Novamente, o destaque vai para a boa recuperação das ENAs no Sul, o que possibilitou uma maior utilização da sua geração hidrelétrica, atingindo montantes recordes no ano em curso. Na Figura 2, podemos observar que ainda há importação de energia para a região, porém, em um valor bastante reduzido. Os excedentes energéticos ainda presentes no SIN, oriundos de Nordeste e Norte, são, agora, mais bem aproveitados no Sudeste, o que possibilita um ritmo de deplecionamento de reservatórios mais contido.

Balanço energético; Energia; boletim
Figura 1 – Balanço Energético e intercâmbio de energia (Fonte: ONS)
Balanço energético; médio
Figura 2 – Balanço Energético (Fonte: ONS)

Situação Hidrológica do Sistema Interligado Nacional

Níveis de Armazenamento

Fica evidente, no gráfico referente ao Sul, a notável recuperação que tivemos desde meados de junho, quando saímos de uma situação de recordes mínimos históricos para um nível próximo dos 60%.

Nos demais subsistemas, como é esperado dentro do período seco, seguimos em queda. Contudo, importante ressaltar que o Norte ainda segue com uma certa estabilidade, em uma trajetória semelhante à que tivemos ano passado, porém em um patamar mais elevado.

Níveis de Armazenamento, regiões sul nordeste, norte e Sudeste Cento
Figura 3 – Níveis de Armazenamento nos Reservatórios do SIN (Fonte: ONS)
reservatório SIN
Tabela 1 – Acompanhamento dos Reservatórios do SIN (Fonte: ONS)
Energia Natural Afluente (ENA)

Após uma recuperação vertiginosa das ENAs, verificamos, ao longo da atual semana operativa, uma recessão nas vazões do Sul, já que não tivemos episódios de chuvas significativas na região, a porto de resultar em uma manutenção da ENA em valores extremamente elevados. Mas, é visível no gráfico a boa recuperação das condições hidrológicas no subsistema. Nos demais, seguimos em trajetória descendente de vazões, esperada para esta época do ano.

ENA; energia natural afluente
Figura 4 – Trajetórias dos níveis de Energia Natural Afluente por subsistema do SIN. (Fonte: ONS)
Energia Natural Afluente mensais
Tabela 2 – Previsões de Energia Natural Afluente mensais para o PMO de julho (Fonte: ONS)

Na Tabela 2, vemos que houve uma correção na expectativa da ENA mensal no Sul, a qual estava, de fato, bastante sobrestimada.

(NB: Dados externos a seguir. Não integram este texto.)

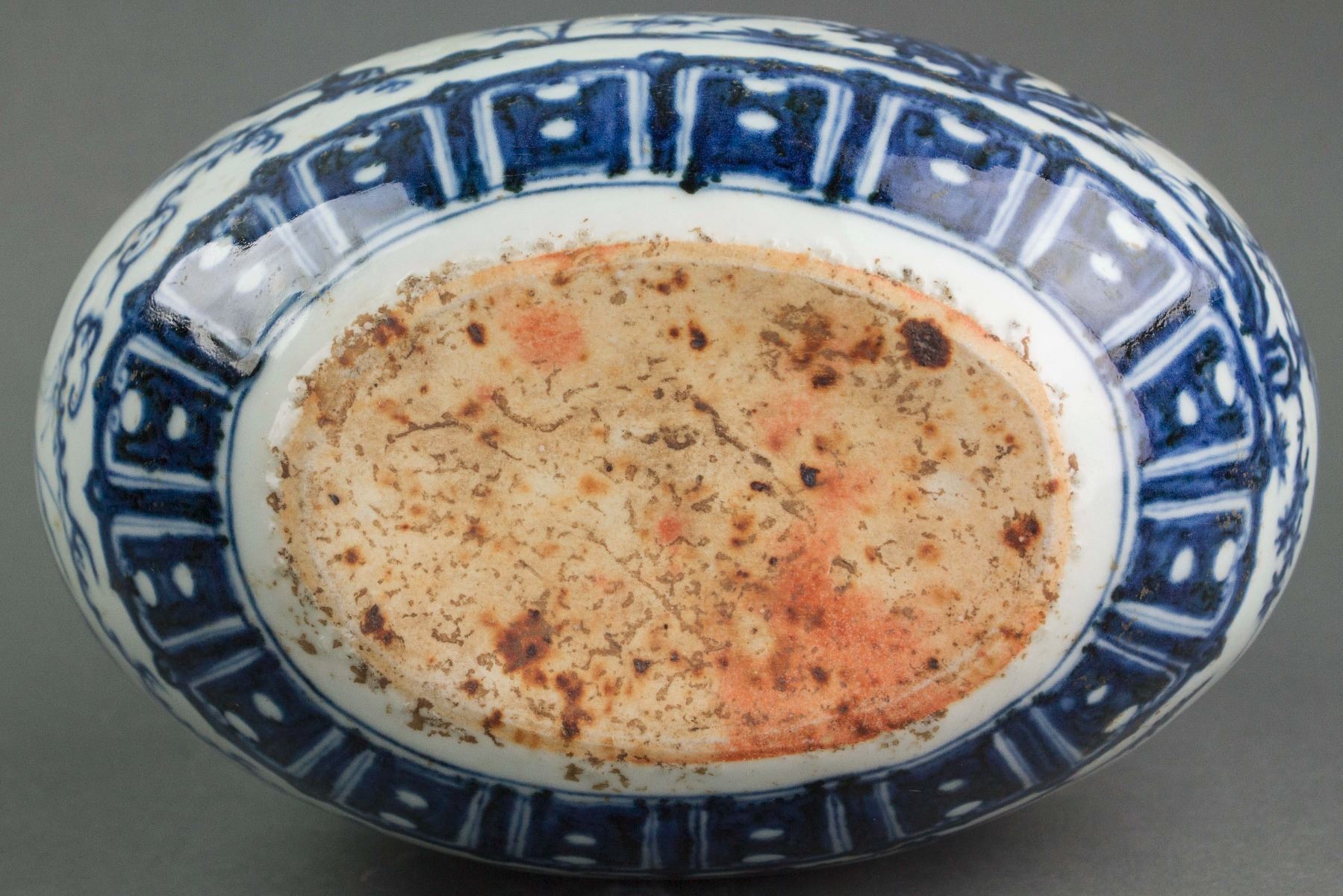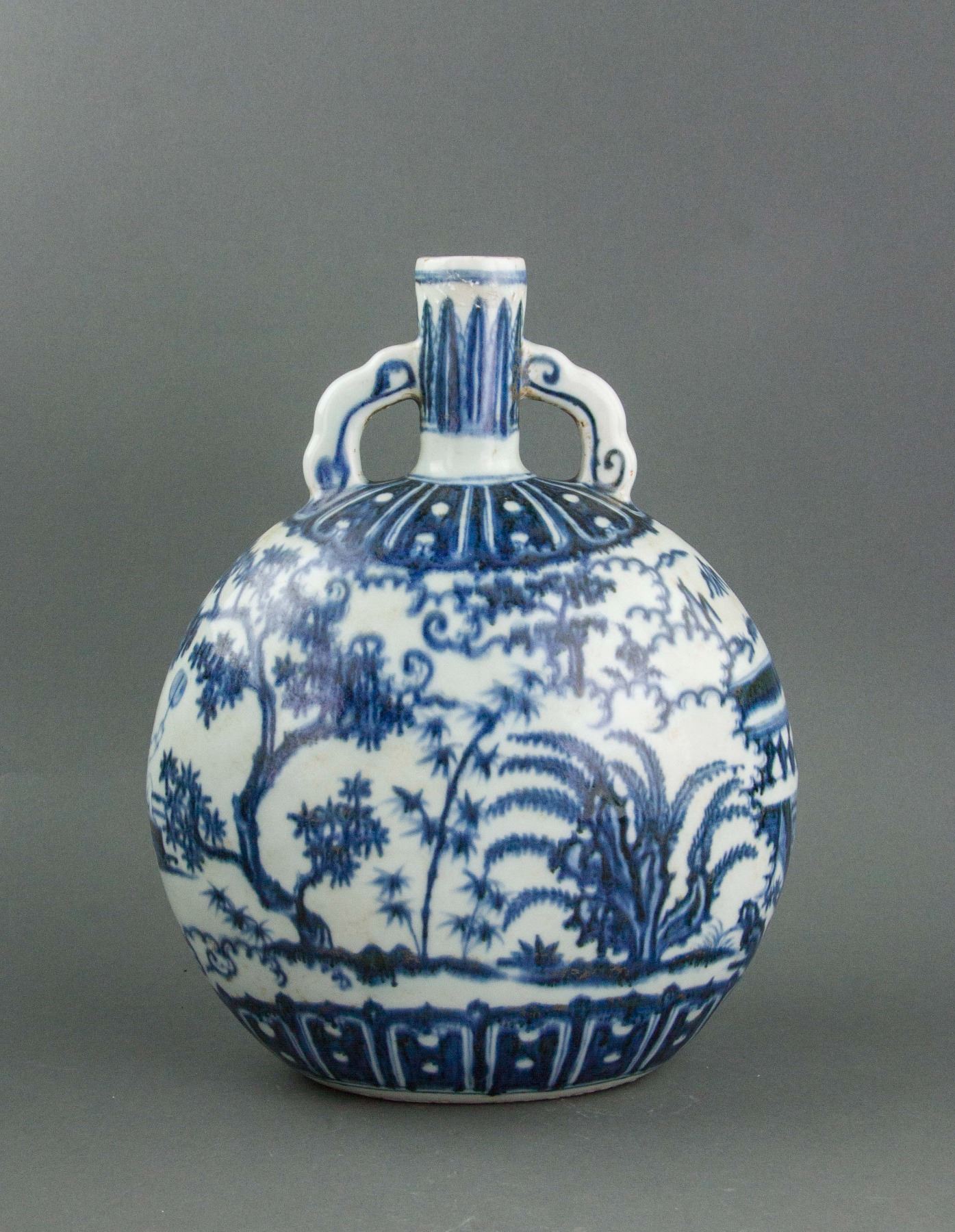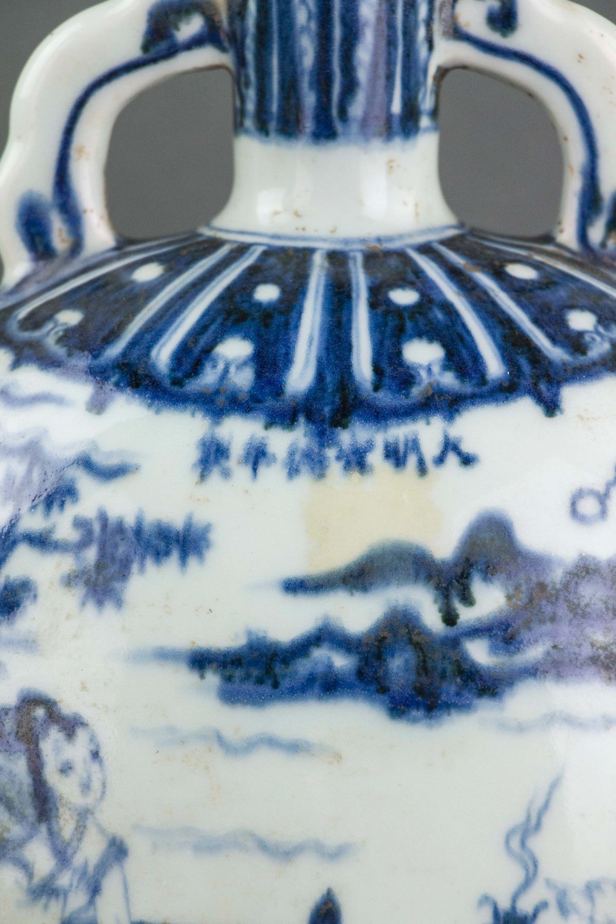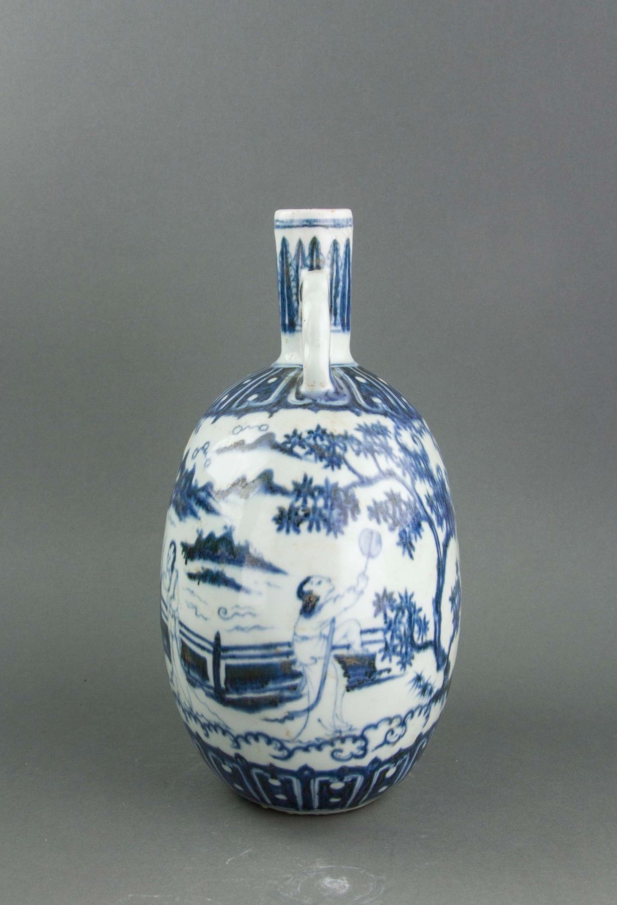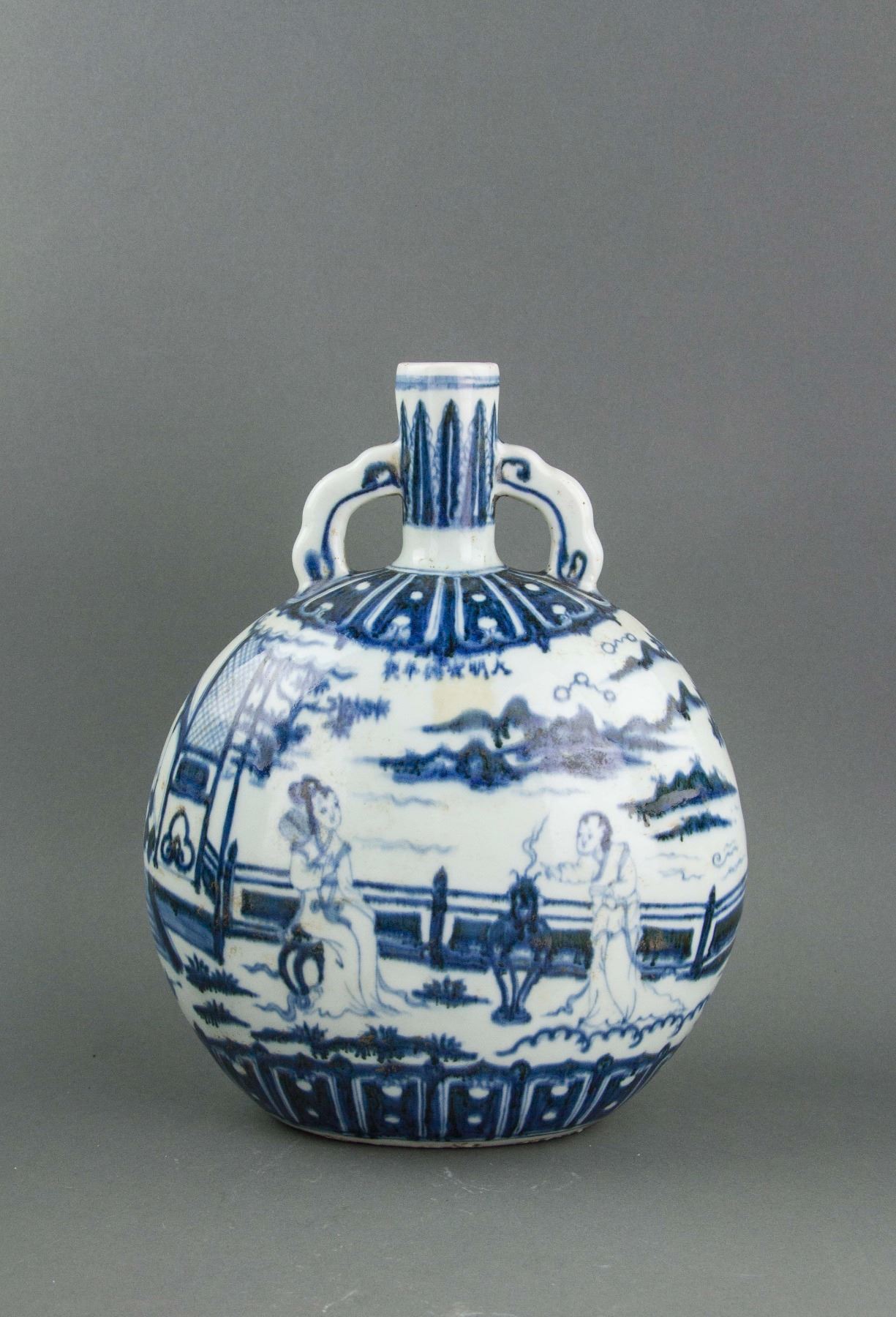 Chinese blue and white porcelain flask vase; of compressed round form body with thin neck; flanked with two curved handle; painted with beauties and mountainous landscape; six-character Xuande mark on shoulder; 29 cm x 22 cm, 1915 grams

Nos demais subsistemas, não temos grandes alterações. Com a queda na expectativa, tivemos elevação média de 6% dos PLDs para a próxima semana operativa, a menos do Nordeste, com elevação de 5%.

De acordo com a Tabela 3, podemos verificar que houve uma maior diferença entre os PLDs do Nordeste com os demais submercados, em comparação com a semana anterior. Isto ocorre pois tivemos atingimento de limites de intercâmbio deste para os demais nos patamares de carga médio e leve. Com isso, há o descolamento de preços, já que a operação no Nordeste tem um custo inferior às demais regiões.

PLD, preço da energia
Tabela 3 – PLDs para a quarta semana operativa de Julho /2020 (Fonte: CCEE)
Carga de Energia

Fruto das medidas de flexibilização do isolamento social em algumas regiões do país, já notamos um desvio positivo da carga no mês de julho, comparando com o fechamento do mês anterior.

Em relação a julho do ano passado, contudo, ainda temos uma queda na carga do SIN, porém menor que o que tínhamos na semana passada, que era de 4,1%. Agora, temos uma diferença de -2,3%.

Carga de energia, brasil
Figura 5 – Acompanhamento da carga nos submercados do SIN. (Fonte: ONS)

Mercado e Preços

Nesta semana operativa, considerando o destaque para a recuperação das condições hidrológicas no Sul, a tendência de baixa foi preponderante nos preços para o ano de 2020. Contudo, destacamos, ainda, um impacto em cotações para 2021, motivada, provavelmente, por alguns leilões realizados na semana para venda de energia de geradores. Com o aumento da liquidez, verificamos um impacto nos valores.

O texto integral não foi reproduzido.